● Task to complete: Retype each record below word for word, pictures excluded.
── Material provided
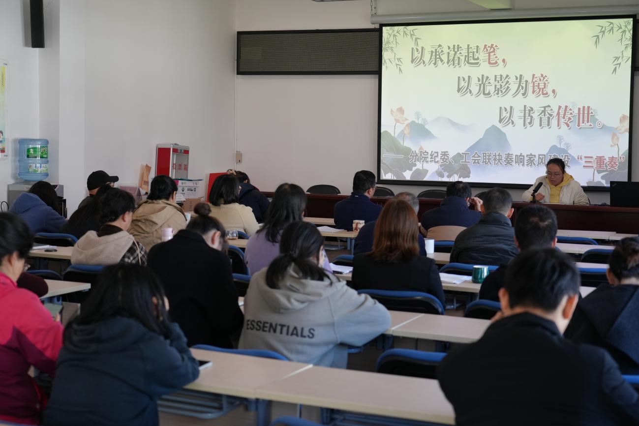 值得一提的是,本次活动前期,干部家属承诺书已发放至各党支部,邀请每个家庭共同书写廉洁约定。此次分院纪委与工会的联动,既体现了组织的严管厚爱,也彰显了深切的人文关怀,为分院健康发展注入了浓厚的家风正能量。
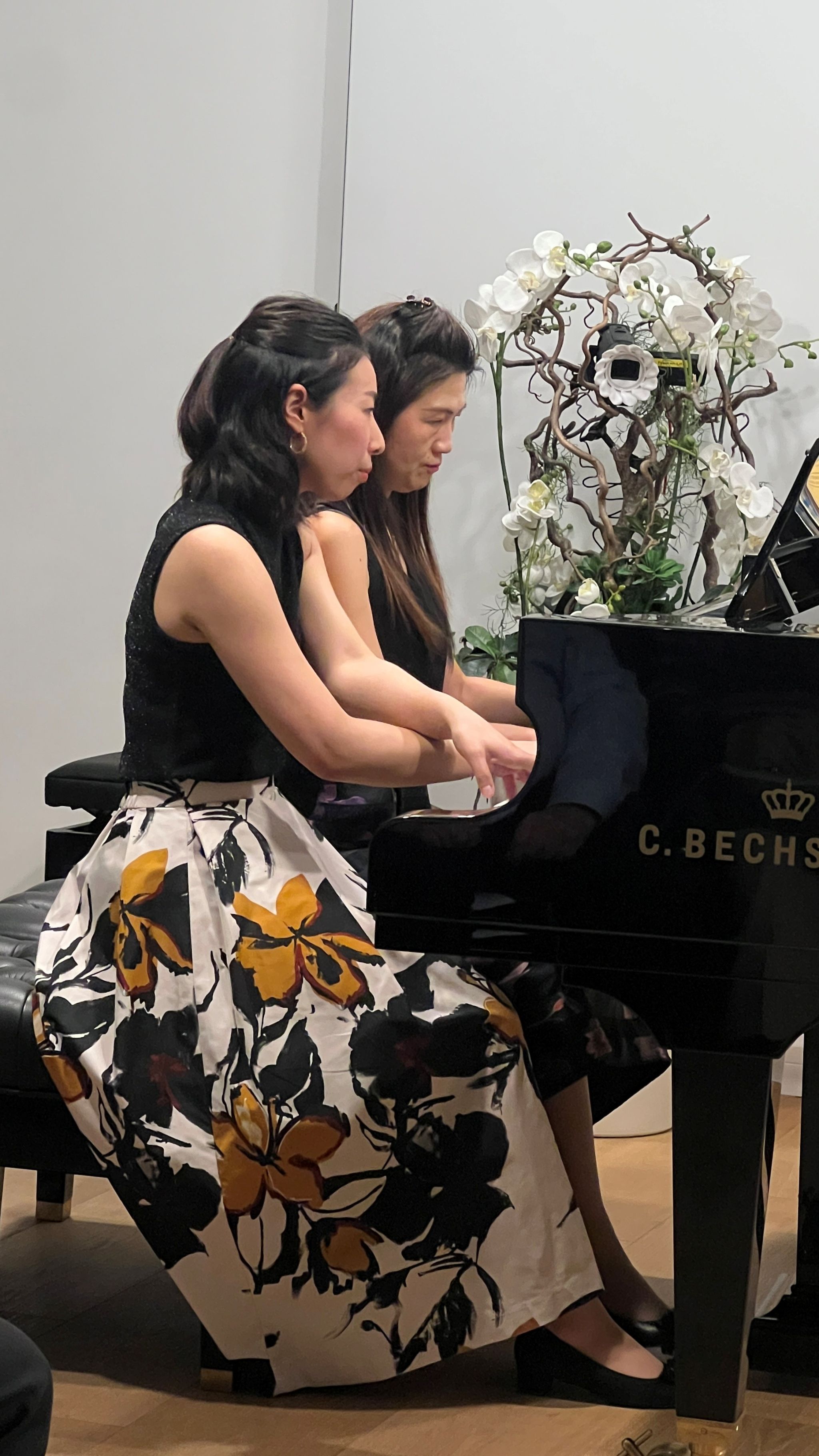 音乐会由钢琴家内海裕子(Hiroko Utsumi)与樊林林(Linlin Fan)联袂呈现。两位演奏家默契配合,共同演绎了巴赫、圣桑、拉赫玛尼诺夫、拉威尔与柴可夫斯基等作曲家的经典作品。演奏在不同风格间自如流转,既展现了四手联弹丰富的声部层次与和声魅力,也体现了演奏者之间高度默契的艺术对话。
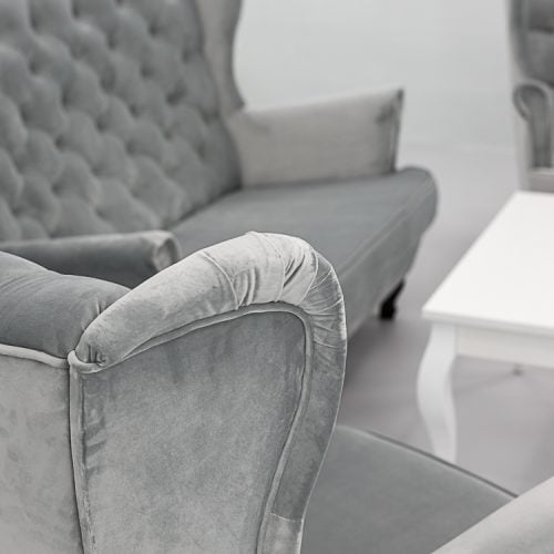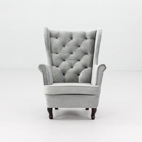 Elegancki fotel Hampton Silver z aksamitną, jasnoszarą tapicerką premium, głębokim pikowaniem, profilowanym oparciem i wysokimi podłokietnikami, idealny na eventy, bankiety i strefy VIP. Dostępny z czarnymi lub białymi nóżkami, do użytku wewnątrz. Wymiary: głębokość 85 cm, szerokość 75 cm, wysokość 104 cm. Dostępnych 10 sztuk. Wynajem realizowany z transportem.
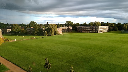 ケンブリッジ大学チャーチル・カレッジにある研修施設、モラーセンターの宿泊施設前に広がる自然と知識の融合。
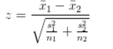 将用户分割出两个群体体验产品功能,原始对照组和改进组都有50000用户。对照组的七日平均活跃数u1=8500,标准差为s1=1250,改进组的七日平均活跃数为u2=8300,标准差s2=1240。当总体标准差未知时,有公式:
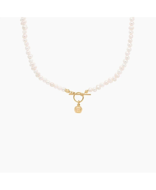 18K Gold Plated Freshwater Pearls with a Coin Pendant - Connie Necklace 17" For Women
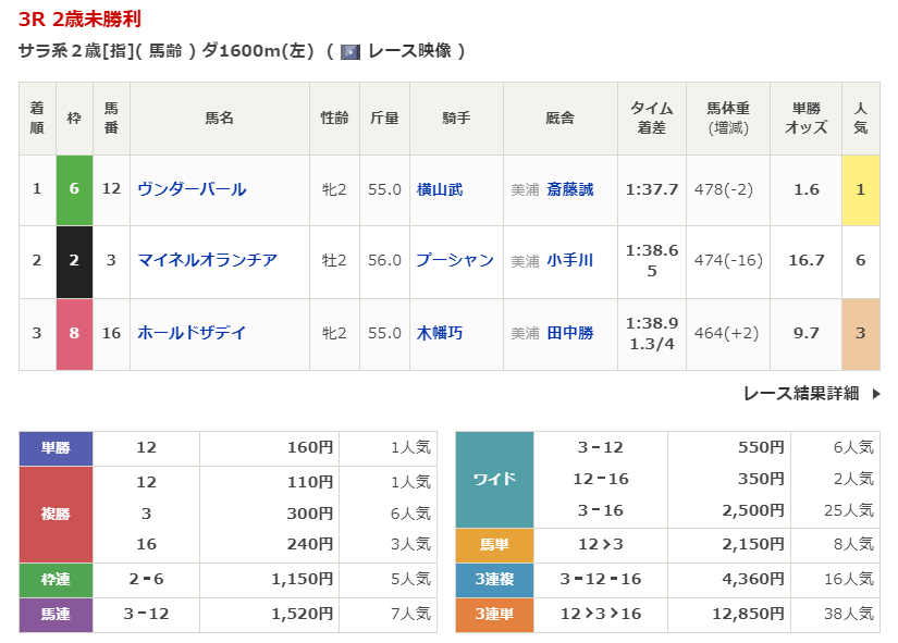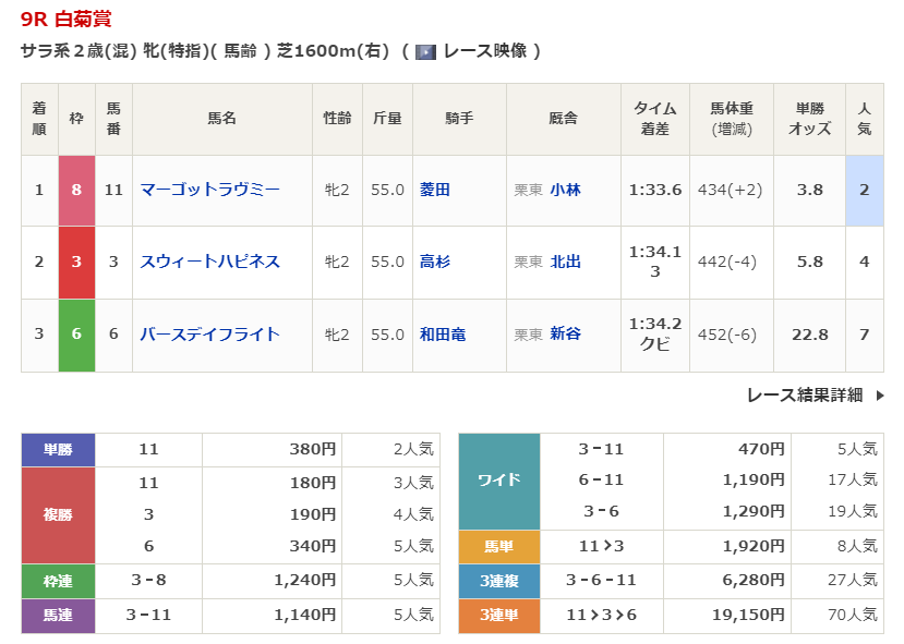◎マテンロウギフト(6人気)1着 単勝1,610円、複勝260円 - 11/16【東京5R】2歳新馬
────
● Task answer:
 值得一提的是,本次活动前期,干部家属承诺书已发放至各党支部,邀请每个家庭共同书写廉洁约定。此次分院纪委与工会的联动,既体现了组织的严管厚爱,也彰显了深切的人文关怀,为分院健康发展注入了浓厚的家风正能量。
 音乐会由钢琴家内海裕子(Hiroko Utsumi)与樊林林(Linlin Fan)联袂呈现。两位演奏家默契配合,共同演绎了巴赫、圣桑、拉赫玛尼诺夫、拉威尔与柴可夫斯基等作曲家的经典作品。演奏在不同风格间自如流转,既展现了四手联弹丰富的声部层次与和声魅力,也体现了演奏者之间高度默契的艺术对话。
 Elegancki fotel Hampton Silver z aksamitną, jasnoszarą tapicerką premium, głębokim pikowaniem, profilowanym oparciem i wysokimi podłokietnikami, idealny na eventy, bankiety i strefy VIP. Dostępny z czarnymi lub białymi nóżkami, do użytku wewnątrz. Wymiary: głębokość 85 cm, szerokość 75 cm, wysokość 104 cm. Dostępnych 10 sztuk. Wynajem realizowany z transportem.
 ケンブリッジ大学チャーチル・カレッジにある研修施設、モラーセンターの宿泊施設前に広がる自然と知識の融合。
 将用户分割出两个群体体验产品功能,原始对照组和改进组都有50000用户。对照组的七日平均活跃数u1=8500,标准差为s1=1250,改进组的七日平均活跃数为u2=8300,标准差s2=1240。当总体标准差未知时,有公式:
 18K Gold Plated Freshwater Pearls with a Coin Pendant - Connie Necklace 17" For Women
◎マテンロウギフト(6人気)1着 単勝1,610円、複勝260円 - 11/16【東京5R】2歳新馬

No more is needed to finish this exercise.